ยท5 min read

MLOps Is Not Optional Anymore: Lessons from Production

mlopsengineeringopinion

I left Myelin Foundry about a month ago, and now that I have some distance, I keep thinking about all the times we got burned not by bad models but by bad practices around them. The model was fine. The pipeline around it was a disaster.

Honestly, if I could go back to day one, I'd set up proper MLOps infrastructure before writing a single line of model code. Here's why.

The MLOps lifecycle loop: models degrade in production without continuous monitoring, retraining, and redeployment.

The Pain Points Were Always the Same

Models degrading silently.

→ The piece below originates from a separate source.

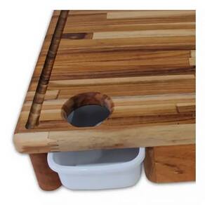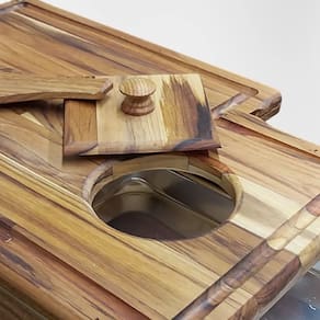 A madeira teca é conhecida por sua resistência e durabilidade, garantindo que sua tábua não só terá uma longa vida útil, mas também manterá a qualidade do sabor da carne, sem deixar gosto residual. A gaveta embutida é um diferencial que permite armazenar a carne cortada, mantendo-a protegida e na temperatura ideal, longe de mosquitos e outros insetos, enquanto você continua a churrasquear. Além disso possui um sistema de limpeza (dispenser) para as partes que deseja descartar da carne, mantendo organizada.

We had a super-resolution model in production that slowly got worse over three weeks. Nobody noticed because we didn't have proper monitoring. The input distribution had shifted (the client started sending images from a different camera), and our model was producing subtly worse outputs. No alerts. No dashboards. Just a client email asking "hey, is something wrong?"

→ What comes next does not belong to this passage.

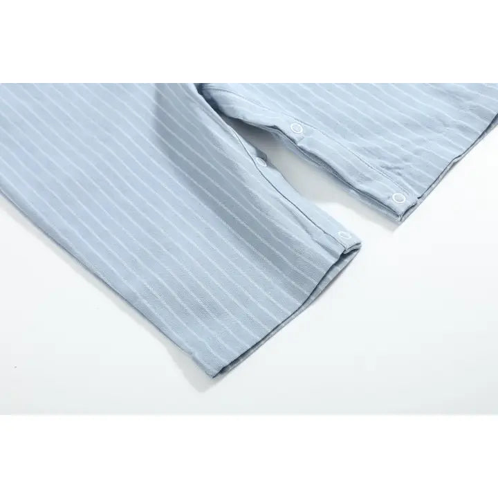 Blue Pinstripe Mallard Duck Smocked Overalls
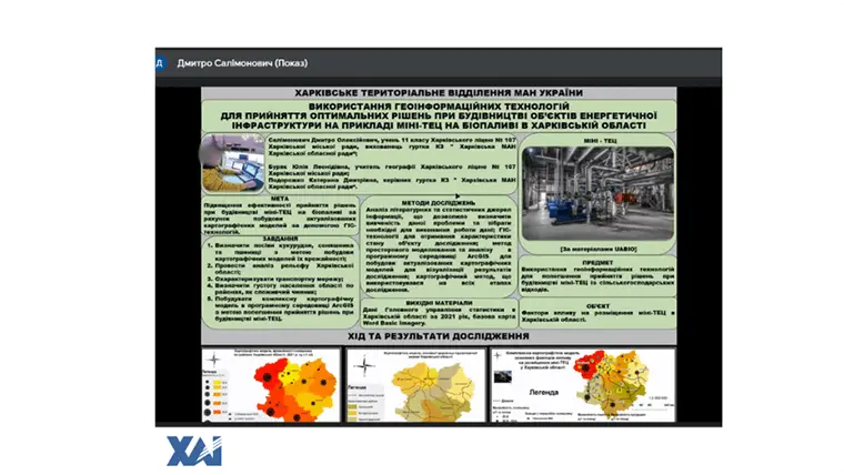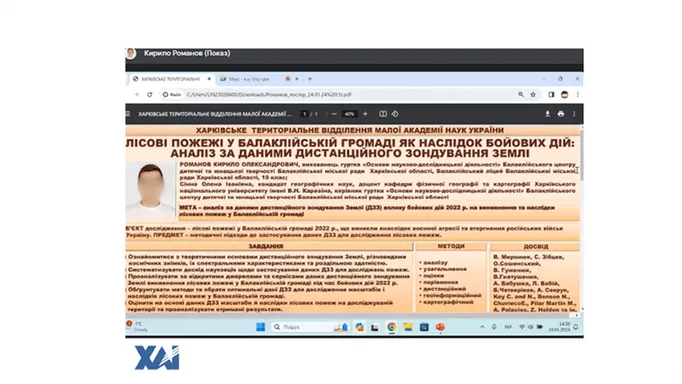 У цей непростий час талановита молодь Харківщини проводила науково-практичні дослідження присвячені наслідкам військових дій, а саме прориву дамби Каховської ГЕС, лісовим пожежам у Балакліївській громаді, руйнуванню ландшафтів у НПП «Дворічанський». Запропоновані ефективні методики визначення ділянок для будівництва міні-ТЕЦ на біопаливі, дослідження геометричних характеристик Азовського моря, навіть розглядалися проблеми зменшення викидів вуглекислого газу за рахунок вегетаріанства. Головним інструментом дослідження, яким користувалися юні дослідники були геоінформаційні системи та технології з використанням даних дистанційного зондування Землі.

The "works on my machine" problem, but for ML. Someone would train a model, get great metrics, hand it off for deployment, and the deployed version would perform differently. Different library versions, different preprocessing, different random seeds. We once spent two days debugging a model accuracy drop that turned out to be a NumPy version mismatch between training and inference environments.

No experiment tracking early on. In the first few months, our experiment tracking was a shared Google Sheet. I'm not joking. Someone would update a row with "tried learning rate 0.001, accuracy 94.2%." But what was the exact data split? What augmentations? What commit hash? No idea. Reproducing results was basically impossible.

What I'd Do Differently

Experiment tracking from day one. Weights & Biases or MLflow, pick one and use it religiously. Log everything: hyperparameters, data versions, model artifacts, system metrics. The cost of setting this up is maybe half a day. The cost of not having it is weeks of wasted time.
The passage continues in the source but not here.